A common characteristic that emerges is that the forecast generated by the RF algorithm exhibits a higher error in the peak regions. Moreover, exploring the effects of training length, we find that the algorithm performs better when we use more than 55% of the time series and less than 90%. The optimal region for Natal occurs when we include more than 64% and less than 80% of the time series for training. In this range, the error decreases and the correlation increases. The best performance is generated by the D method. For this approach, we verify correlations varying between 0.917 and 0.949, and MAE between 57.783 and 71.768. The optimal range for Iquitos occurs considering between 79% and 88% of the time series as training length. The method that performs better is CD, having a minimum r equal to 0.850 and maximum equal to 0.887 while MAE oscillates between 2.780 and 4.156. For Barranquilla, the optimal range occurs between 72 and 82% of length training. The method that performs better in this range is HD with minimum r equal to 0.942 and maximum equal to 0.953 while the minimum and maximum MAE are equal to 6.085 and 6.669, respectively. The ML technique reproduces many outbreaks and after that there is no outbreak. Then, the algorithm overestimated some cases, as we observed in Barranquilla. Another situation is that there are only few points in order to do statistical analysis, as in Natal. For Iquitos, the high values of training length select a very noisy region in the time series. The region is characterized by one outbreak and many fluctuations that are not predicted by RF.

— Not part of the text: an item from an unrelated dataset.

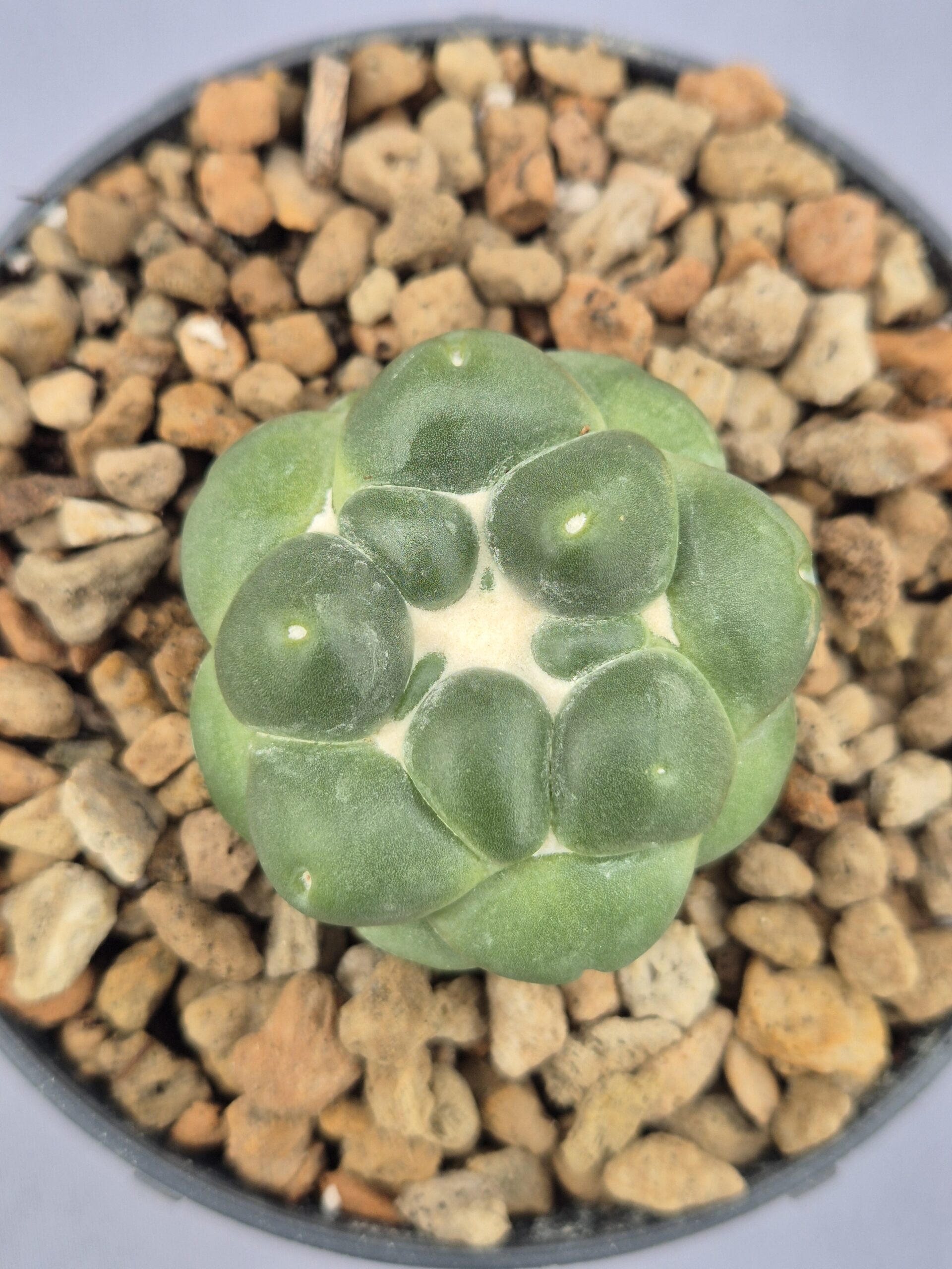 🌿Forma: Cuerpo globoso compuesto por tubérculos grandes y redondeados, dispuestos en espiral. La ausencia de espinas realza su aspecto liso y limpio.
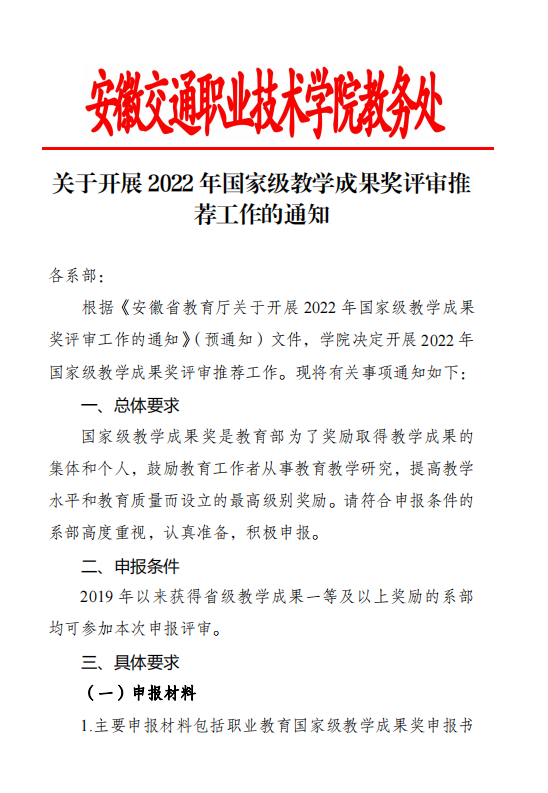 关于开展 2022 年国家级教学成果奖评审推荐工作的通知

Besides, the dengue vector needs proper climate conditions. Our work exhibits that there is not a preferable climate variable in the forecasting process using the RF method. On the other hand, climate variables can increase the error and decrease the correlation in some situations. In addition, also as a novelty, we find that the humidity can be more relevant than other climate variables in the forecasting process. Our results were also tested using the classic algorithms CNN 1D, LSTM, ARIMA, and SARIMA regression and also we normalize the humidity data removing the annual component. However, the RF algorithm displays a better result for our goal and the modification in the humidity did not improve our results. In this way, our work shows that dengue forecasting is a challenging problem. The climate variables need to be carefully selected in order to improve the prediction or not. Moreover, we show that under specific conditions it is better use just the dengue cases (D) as input.

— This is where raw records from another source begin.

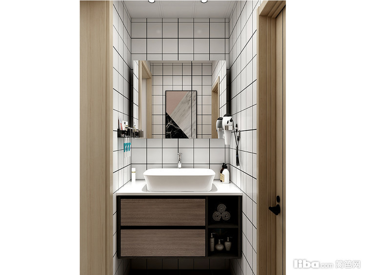 卫生间 做得干湿分离,白色小方格墙砖与灰黑色系地砖相搭配,同样采用原木色的门与整体相呼应。
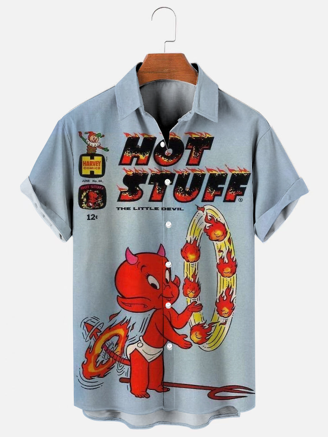 Men's Retro Little Devil Cartoon Print Hawaiian Short Sleeve Shirt
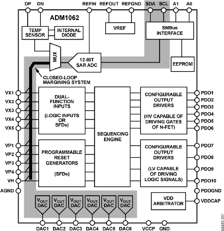 ADM1062 Super Sequencer?超級時(shí)序控制器是一款可配置電源監(jiān)控/時(shí)序控制器件,可針對多電源系統(tǒng)中的電源監(jiān)控和時(shí)序控制提供一種單芯片解決方案。除這些功能外,ADM1062還集成一個(gè)12位ADC和六個(gè)8位電壓輸出DAC。利用這些電路可以實(shí)現(xiàn)閉環(huán)余量微調(diào)系統(tǒng),以便通過更改反饋節(jié)點(diǎn),或利用DAC輸出更改DC-DC轉(zhuǎn)換器的基準(zhǔn)電壓來實(shí)現(xiàn)電源調(diào)整。只需用極少的外部元件便可執(zhí)行電源余量微調(diào)。余量微調(diào)環(huán)路可以用于生產(chǎn)期間的電路板在線測試(例如,驗(yàn)證電路板在電源電壓比標(biāo)稱電壓低5%時(shí)的功能),也可以動態(tài)使用,以便精確控制DC-DC轉(zhuǎn)換器的輸出電壓。
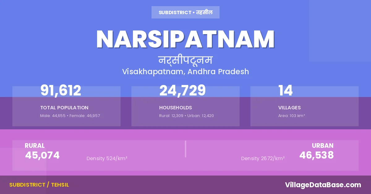 According to the 2011 census The total area of Narsipatnam Mandal is 103 km², with a population of 91612 people. The population density is 886 inhabitants per square kilometre, and there are approximately 24729 houses in the sub district.

Our work shows that the RF method is useful for the forecasting of new dengue cases based on meteorological characteristics. This methodology can be employed by public health organization to forecast and study control measures, because RF is fast, efficient, robust, and exhibits a high correlation and low mean absolute error in the forecasting. For future works, we plan to explore other characteristics, such as mosquito eggs, and contamination rates to better predict new cases.